* **Data provided**:
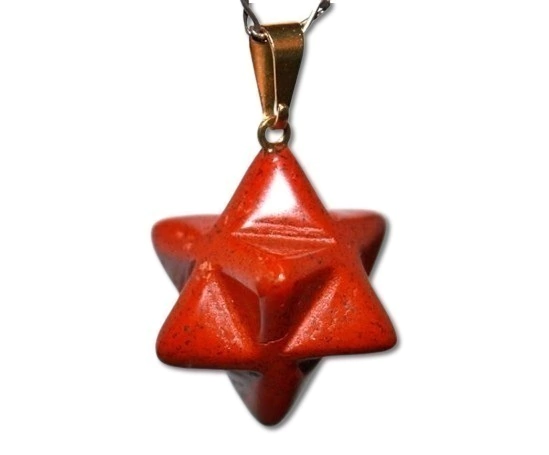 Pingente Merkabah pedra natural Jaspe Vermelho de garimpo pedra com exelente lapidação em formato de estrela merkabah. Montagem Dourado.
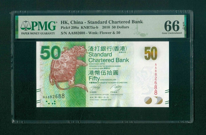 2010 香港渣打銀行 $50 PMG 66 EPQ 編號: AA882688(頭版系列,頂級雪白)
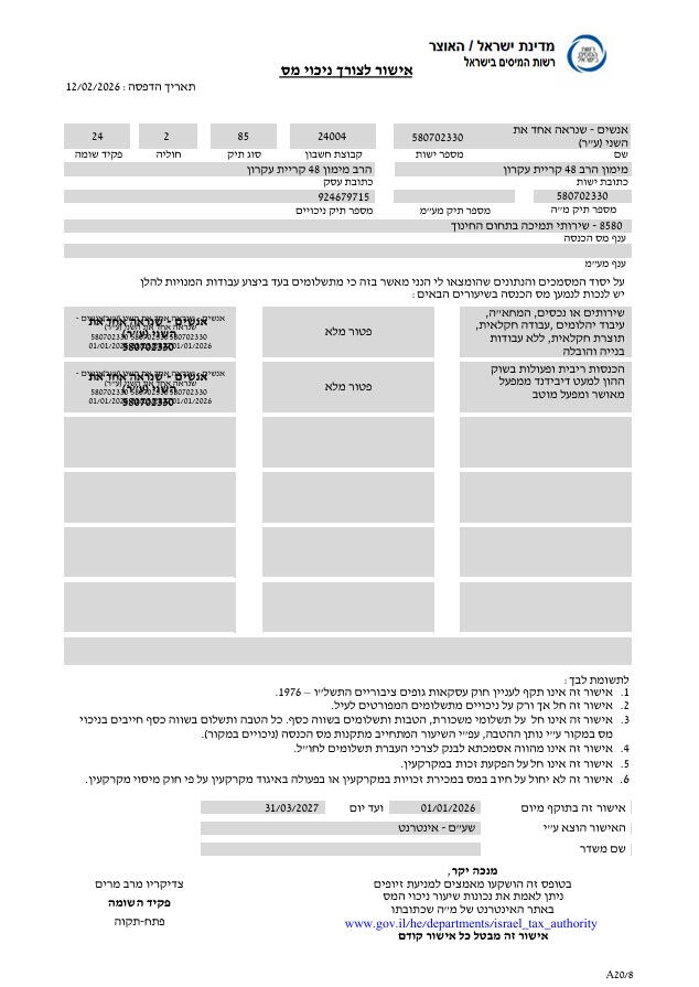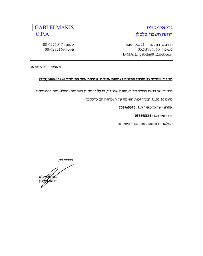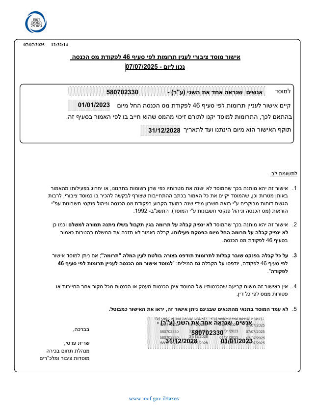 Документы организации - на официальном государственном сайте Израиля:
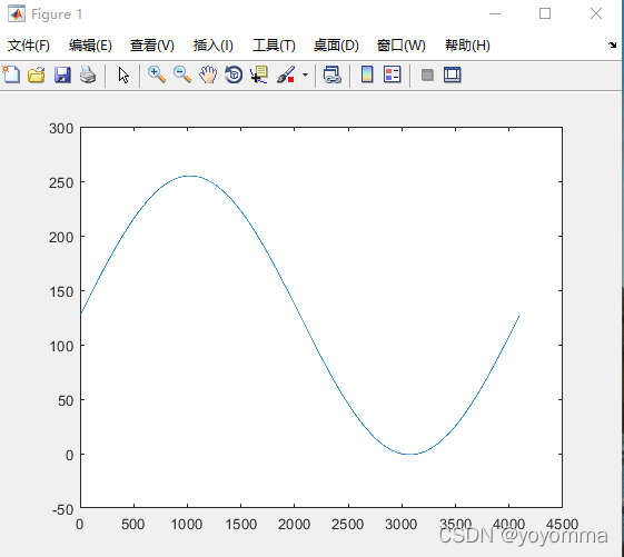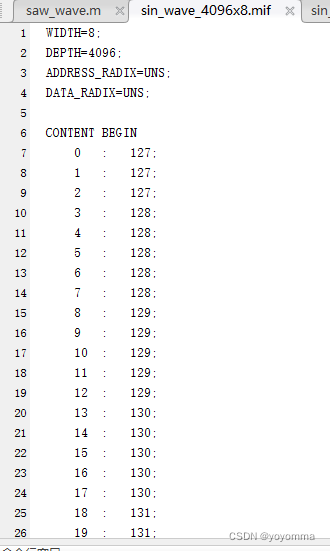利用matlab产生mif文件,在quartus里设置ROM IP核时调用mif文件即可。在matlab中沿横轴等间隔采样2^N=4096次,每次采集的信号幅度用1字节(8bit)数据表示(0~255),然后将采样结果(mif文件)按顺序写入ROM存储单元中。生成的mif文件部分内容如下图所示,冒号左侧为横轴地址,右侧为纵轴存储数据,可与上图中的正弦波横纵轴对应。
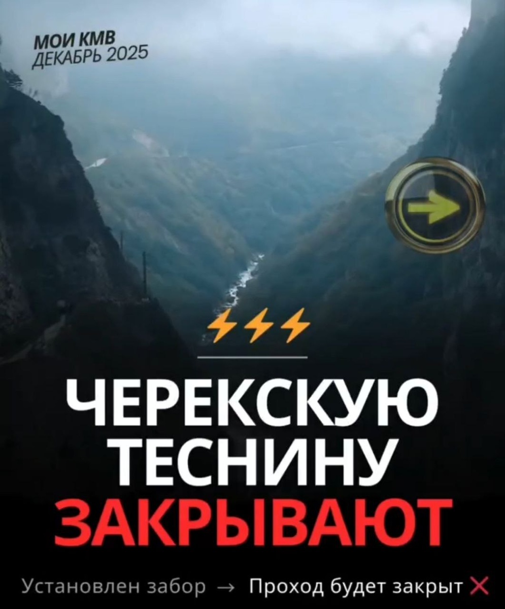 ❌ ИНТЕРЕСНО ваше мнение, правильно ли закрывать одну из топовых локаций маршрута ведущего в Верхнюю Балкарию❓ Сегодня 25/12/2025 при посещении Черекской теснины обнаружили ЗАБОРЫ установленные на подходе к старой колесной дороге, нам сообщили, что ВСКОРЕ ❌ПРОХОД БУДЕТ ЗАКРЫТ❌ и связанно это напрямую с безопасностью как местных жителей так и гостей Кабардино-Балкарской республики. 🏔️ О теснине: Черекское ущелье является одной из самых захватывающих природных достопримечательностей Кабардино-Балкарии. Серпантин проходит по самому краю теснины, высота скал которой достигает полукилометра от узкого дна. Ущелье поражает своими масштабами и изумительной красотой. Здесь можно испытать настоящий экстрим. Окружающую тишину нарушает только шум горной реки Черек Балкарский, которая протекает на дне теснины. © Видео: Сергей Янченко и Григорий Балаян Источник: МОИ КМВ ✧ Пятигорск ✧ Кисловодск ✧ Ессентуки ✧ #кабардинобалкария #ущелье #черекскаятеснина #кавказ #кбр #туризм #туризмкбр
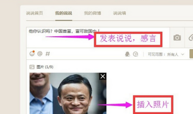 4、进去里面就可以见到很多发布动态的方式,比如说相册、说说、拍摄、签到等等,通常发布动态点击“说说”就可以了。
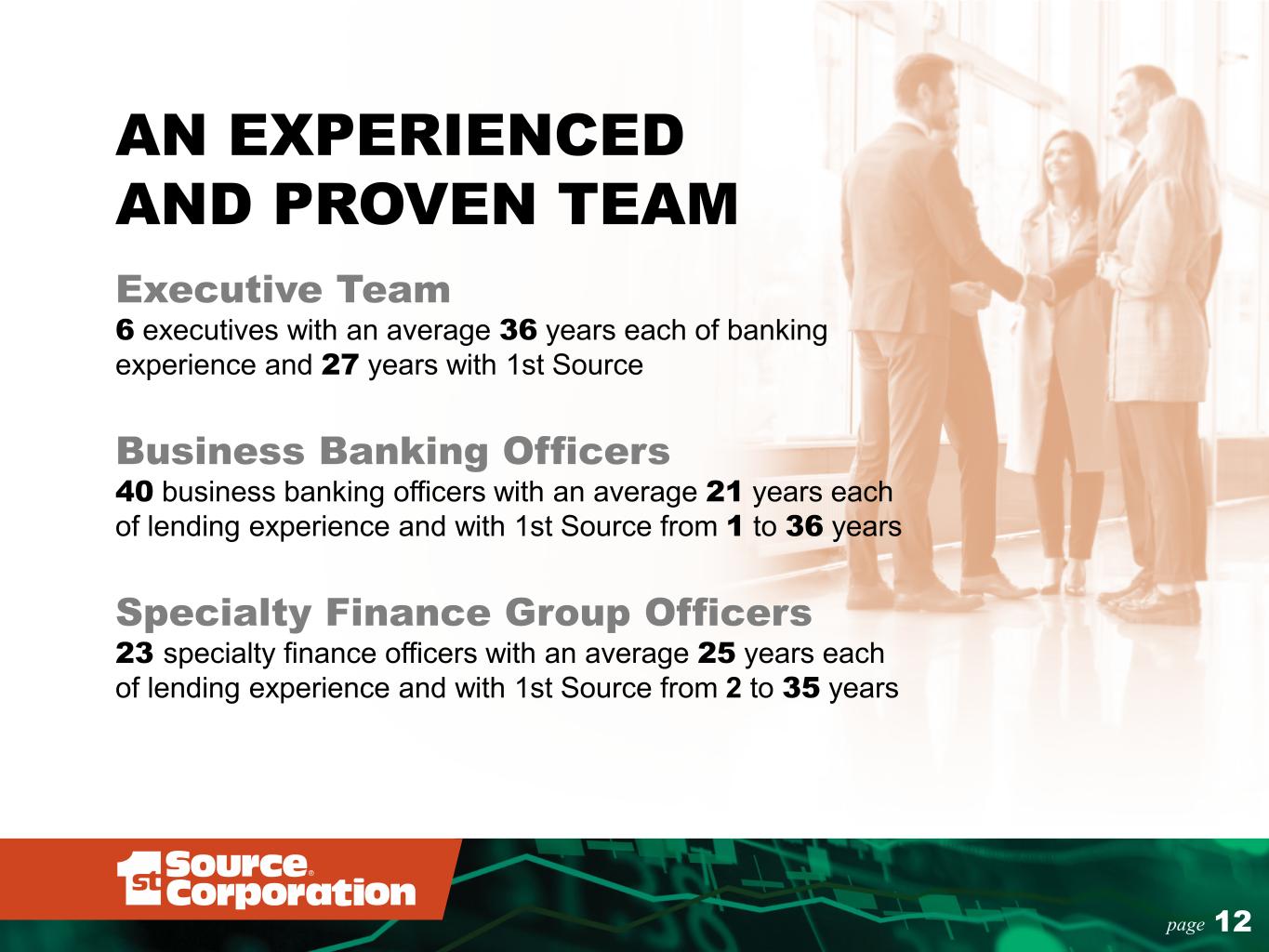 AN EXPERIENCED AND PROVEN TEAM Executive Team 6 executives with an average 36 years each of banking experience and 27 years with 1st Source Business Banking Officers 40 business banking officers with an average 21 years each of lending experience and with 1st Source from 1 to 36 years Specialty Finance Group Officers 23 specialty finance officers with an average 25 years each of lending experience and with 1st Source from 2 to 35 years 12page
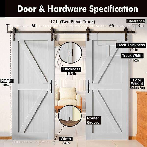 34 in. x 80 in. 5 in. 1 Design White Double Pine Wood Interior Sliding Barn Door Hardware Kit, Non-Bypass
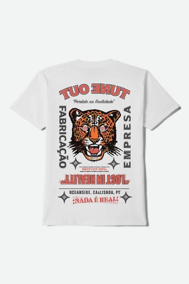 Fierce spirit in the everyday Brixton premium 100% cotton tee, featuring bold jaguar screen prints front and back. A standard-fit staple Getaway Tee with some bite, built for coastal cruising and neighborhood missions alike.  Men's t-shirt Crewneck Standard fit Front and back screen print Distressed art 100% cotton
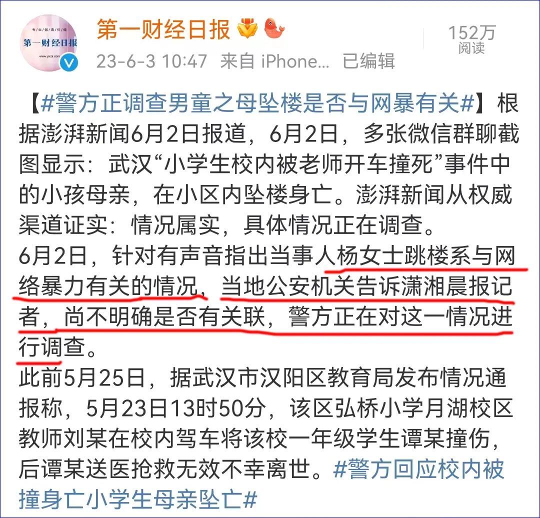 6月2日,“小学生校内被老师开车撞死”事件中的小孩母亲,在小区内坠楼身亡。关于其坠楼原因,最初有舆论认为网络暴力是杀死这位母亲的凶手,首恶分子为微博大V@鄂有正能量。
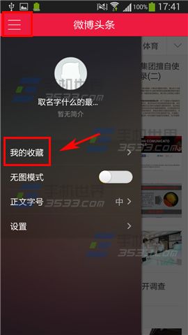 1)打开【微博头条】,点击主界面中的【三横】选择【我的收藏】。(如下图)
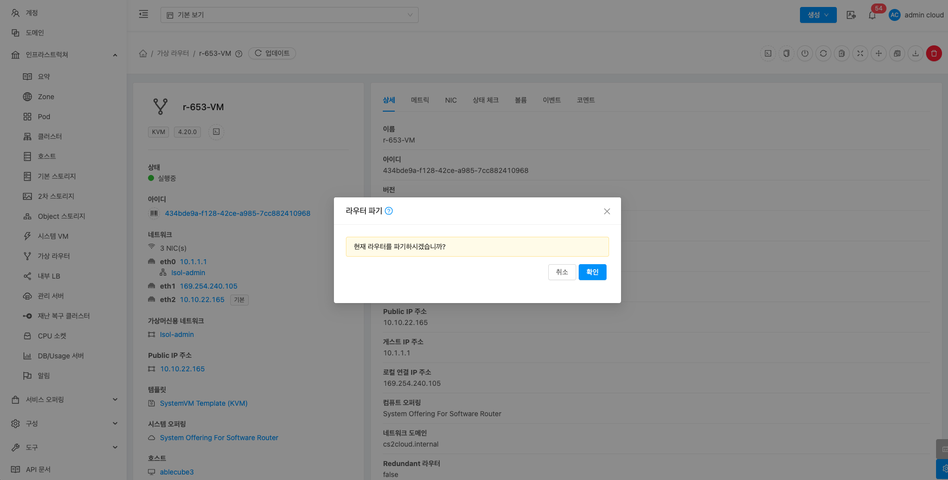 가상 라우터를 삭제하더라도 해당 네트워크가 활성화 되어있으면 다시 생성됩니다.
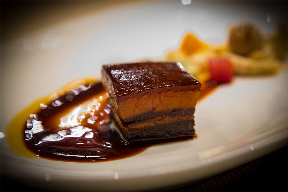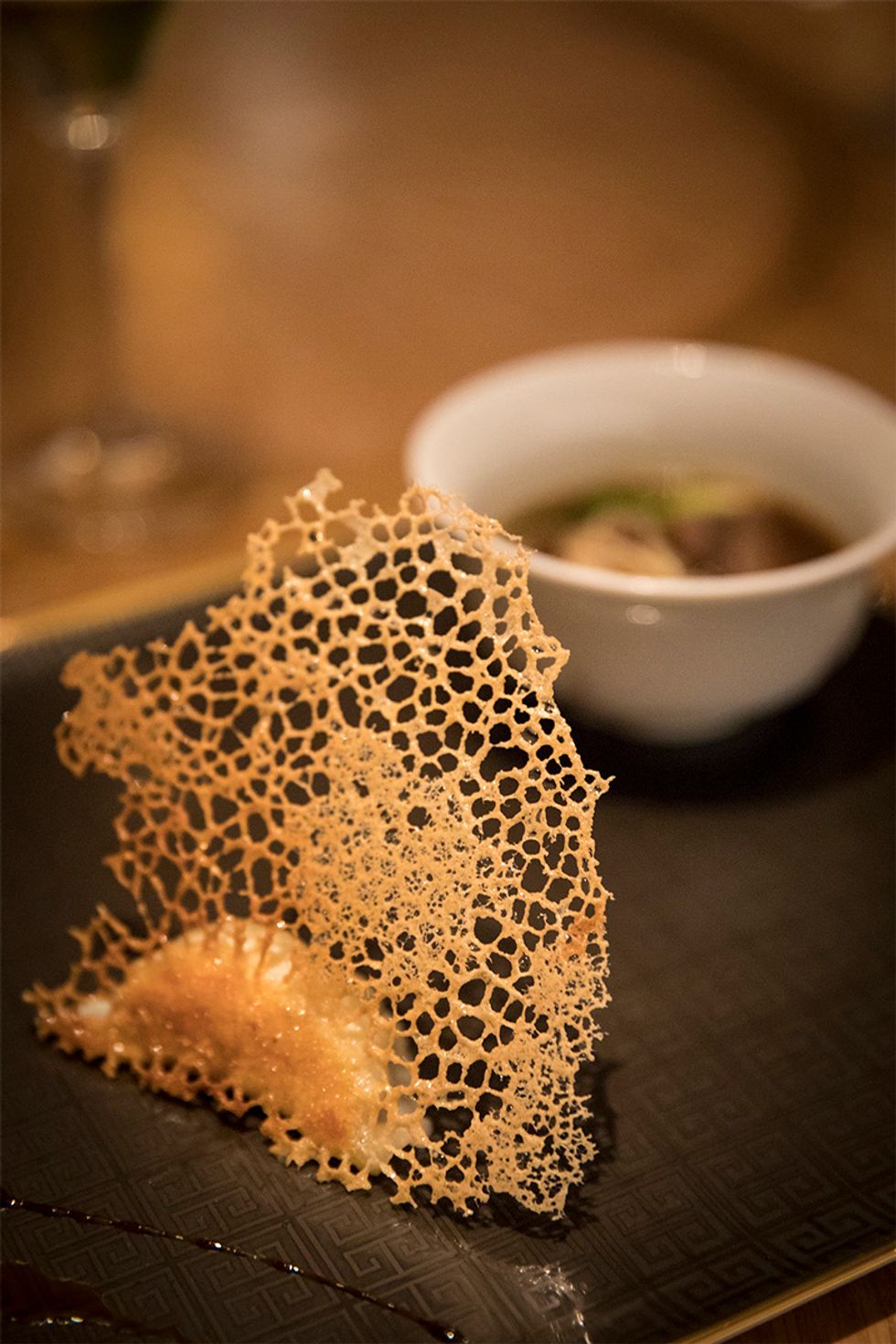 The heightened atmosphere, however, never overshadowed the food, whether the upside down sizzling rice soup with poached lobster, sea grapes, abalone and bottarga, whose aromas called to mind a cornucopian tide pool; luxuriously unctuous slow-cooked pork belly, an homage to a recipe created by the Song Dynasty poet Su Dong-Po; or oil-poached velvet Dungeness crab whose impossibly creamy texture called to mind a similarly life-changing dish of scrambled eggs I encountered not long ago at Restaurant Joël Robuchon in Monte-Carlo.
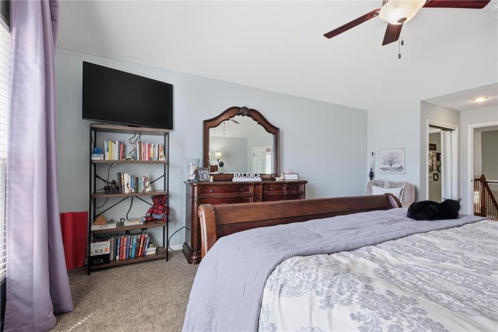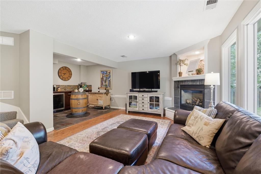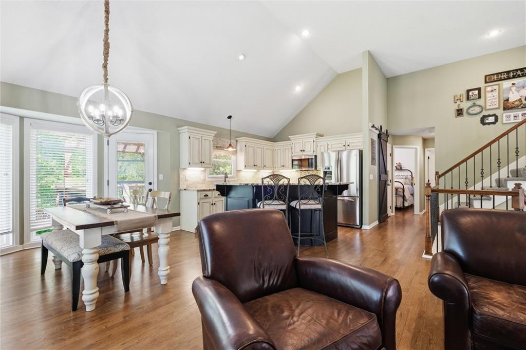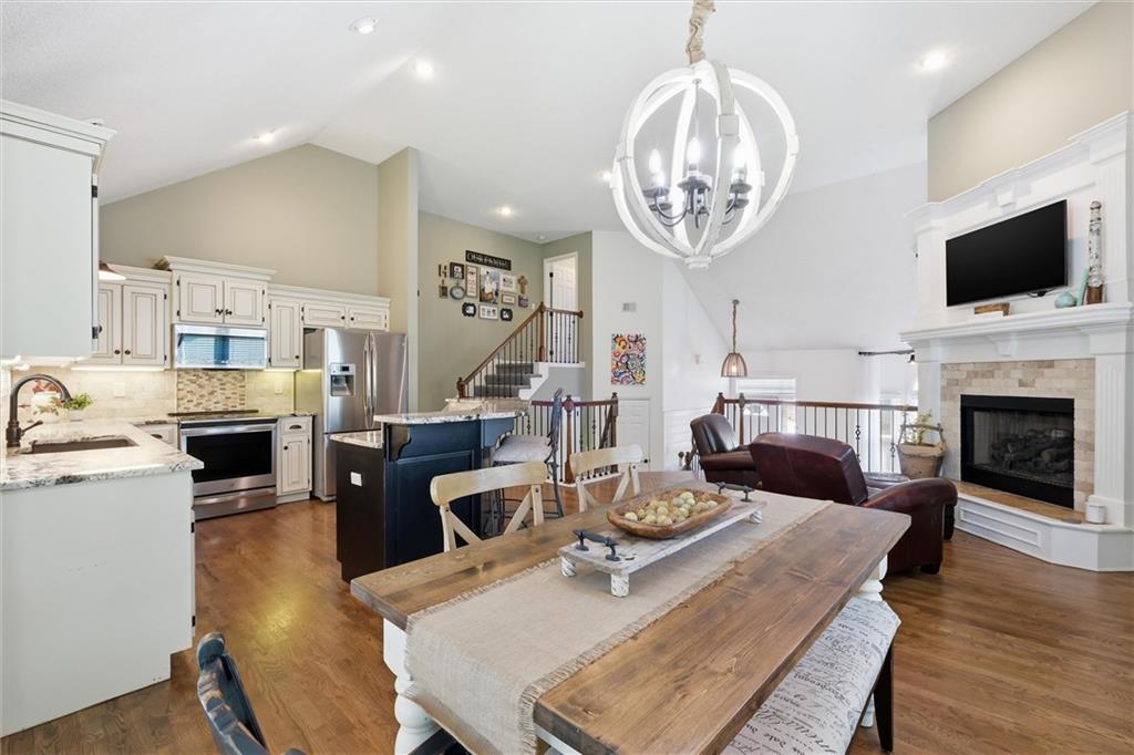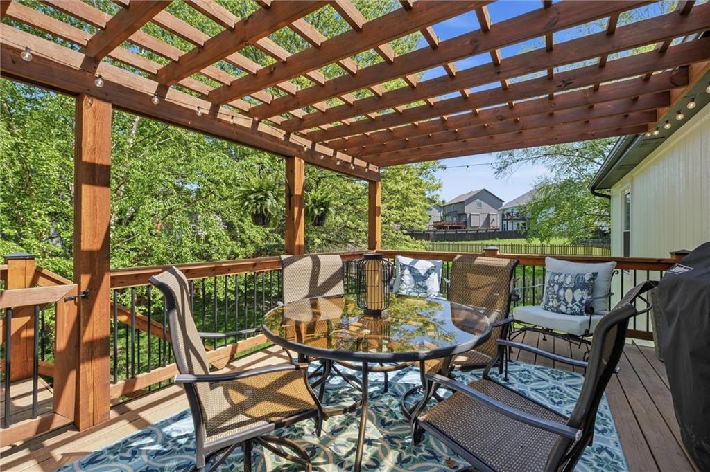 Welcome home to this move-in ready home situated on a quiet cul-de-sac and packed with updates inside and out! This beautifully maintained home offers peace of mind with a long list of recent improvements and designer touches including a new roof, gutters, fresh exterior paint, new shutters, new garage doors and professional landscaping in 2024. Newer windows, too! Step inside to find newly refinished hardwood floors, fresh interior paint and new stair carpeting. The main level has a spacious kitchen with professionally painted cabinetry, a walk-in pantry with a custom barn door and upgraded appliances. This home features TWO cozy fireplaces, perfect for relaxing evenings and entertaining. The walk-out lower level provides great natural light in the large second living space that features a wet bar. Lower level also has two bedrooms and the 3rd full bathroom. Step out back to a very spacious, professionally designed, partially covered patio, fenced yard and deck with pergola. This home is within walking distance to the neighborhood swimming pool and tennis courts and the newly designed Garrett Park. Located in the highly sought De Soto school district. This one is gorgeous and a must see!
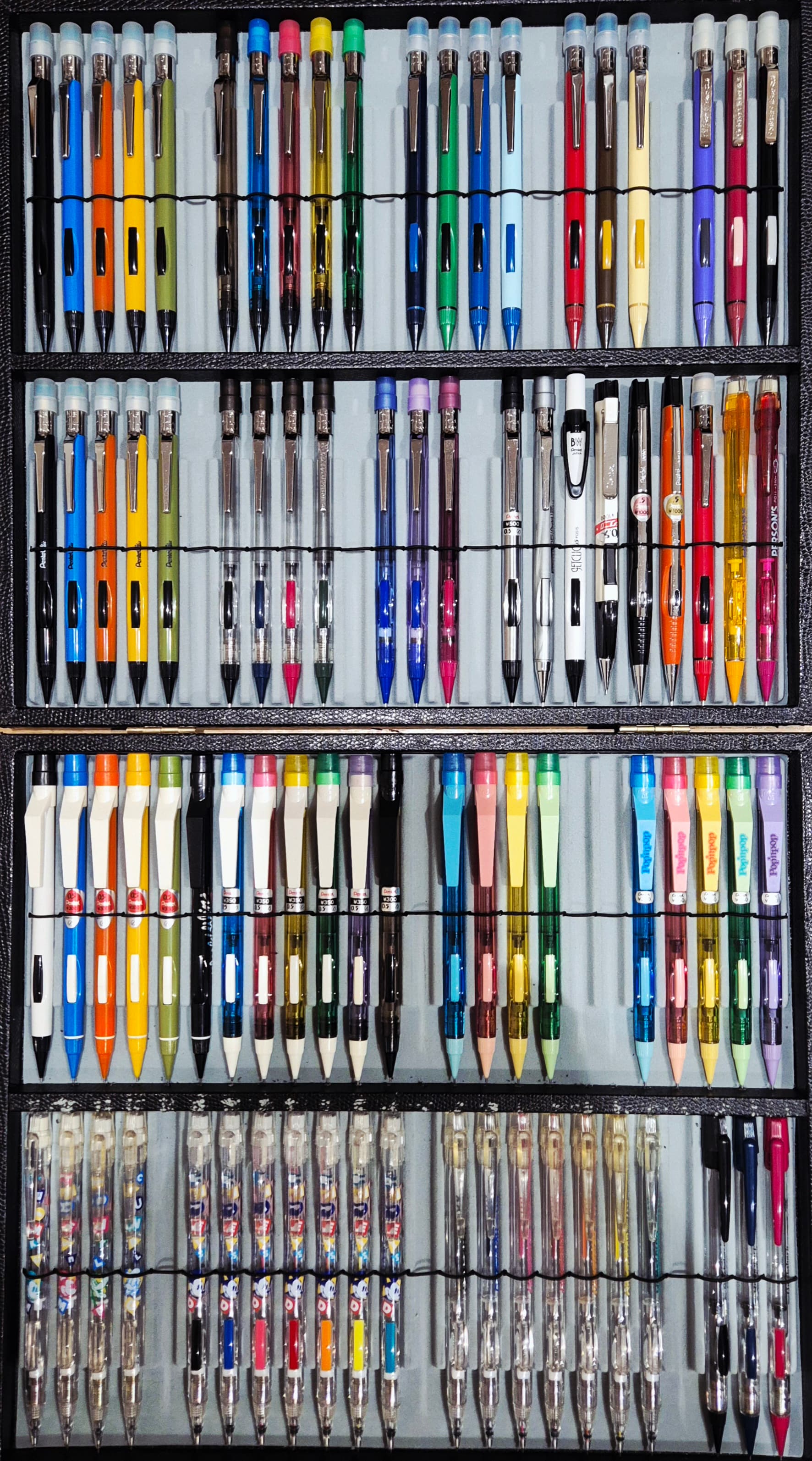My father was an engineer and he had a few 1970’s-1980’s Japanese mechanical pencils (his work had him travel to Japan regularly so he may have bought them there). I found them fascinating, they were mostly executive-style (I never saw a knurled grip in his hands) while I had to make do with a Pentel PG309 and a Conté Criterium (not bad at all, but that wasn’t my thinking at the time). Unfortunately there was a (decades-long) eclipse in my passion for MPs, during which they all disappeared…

* **Your goal**: From the listing above, restate verbatim the lines running from the one with "The heightened atmosphere, however, never" through the one with "Welcome home to", inclusive, but not the pictures.

* **Exercise answer**:
 The heightened atmosphere, however, never overshadowed the food, whether the upside down sizzling rice soup with poached lobster, sea grapes, abalone and bottarga, whose aromas called to mind a cornucopian tide pool; luxuriously unctuous slow-cooked pork belly, an homage to a recipe created by the Song Dynasty poet Su Dong-Po; or oil-poached velvet Dungeness crab whose impossibly creamy texture called to mind a similarly life-changing dish of scrambled eggs I encountered not long ago at Restaurant Joël Robuchon in Monte-Carlo.
 Welcome home to this move-in ready home situated on a quiet cul-de-sac and packed with updates inside and out! This beautifully maintained home offers peace of mind with a long list of recent improvements and designer touches including a new roof, gutters, fresh exterior paint, new shutters, new garage doors and professional landscaping in 2024. Newer windows, too! Step inside to find newly refinished hardwood floors, fresh interior paint and new stair carpeting. The main level has a spacious kitchen with professionally painted cabinetry, a walk-in pantry with a custom barn door and upgraded appliances. This home features TWO cozy fireplaces, perfect for relaxing evenings and entertaining. The walk-out lower level provides great natural light in the large second living space that features a wet bar. Lower level also has two bedrooms and the 3rd full bathroom. Step out back to a very spacious, professionally designed, partially covered patio, fenced yard and deck with pergola. This home is within walking distance to the neighborhood swimming pool and tennis courts and the newly designed Garrett Park. Located in the highly sought De Soto school district. This one is gorgeous and a must see!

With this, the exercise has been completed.